Figure 7. Alignments between WBD phytoplasma secreted proteins and published phytoplasma virulence factors.
Because phytoplasmas strictly live in plant phloem and insect hosts, they must adapt to diverse environments. Several proteins with similar functions were encoded in the WBD phytoplasma genome, including the two molecular chaperones DnaK and DnaJ. These two genes have been reported to be necessary for pathogen survival in the host cell, and knocking out the dnaK-dnaJ operon in Salmonella enterica serovar Typhimurium resulted in a mutant that could grow in culture but not in vivo and was unable to colonize mice [38]. In addition, a cold shock protein encoded by cspC and an hsp20 family protein encoded by ibpA may help WBD phytoplasma respond to several stresses.
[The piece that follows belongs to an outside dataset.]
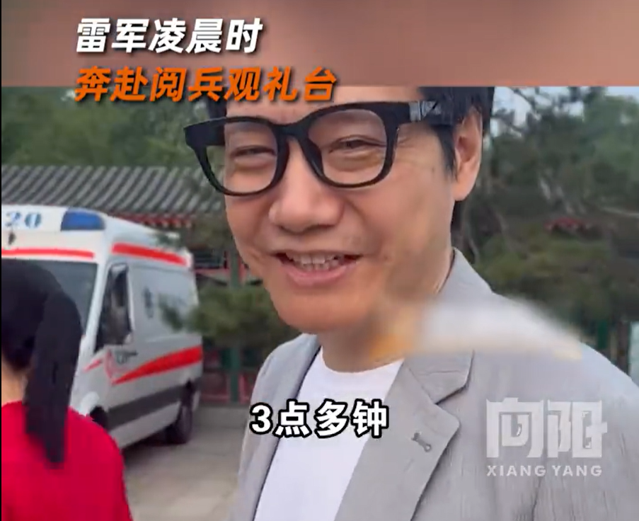 9月3日,据向阳视频今日报道,小米创办人,董事长兼CEO雷军也受邀前往现场参加观看阅兵仪式。雷军被问及出发时间时,他表示是在凌晨三点多动身的。

It has been reported that arsenate salt and some antibiotics, such as ampicillin, rifampicin and tetracycline, can induce the cspC promoter [39]. Hsp20 was induced in response to severe heat shock regimens and by osmotic shock in Bifidobacterium breve UCC2003 [40]. In addition to the hsp20 protein, the large-conductance mechanosensitive channel (MscL) protein, which may help WBD phytoplasma adapt to changes in the osmotic pressure between plant and insect cells, was identified. MscL has been found in bacteria, archaea, fungi and higher plants, where it is involved in the defense against osmotic shock [41]. In addition, a Mn-type SOD protein was encoded by the sodA gene in the WBD phytoplasma genome. This protein may play an important role in the degradation of reactive oxygen species (ROS) produced in the plant during phytoplasma infection [42]. The identification of these proteins suggests that WBD phytoplasma has several mechanisms that allow it to adapt to complex environments.
Supporting Information
Real-time PCR quantification of WBD phytoplasma chromosomal DNA in WGA production.
(TIFF)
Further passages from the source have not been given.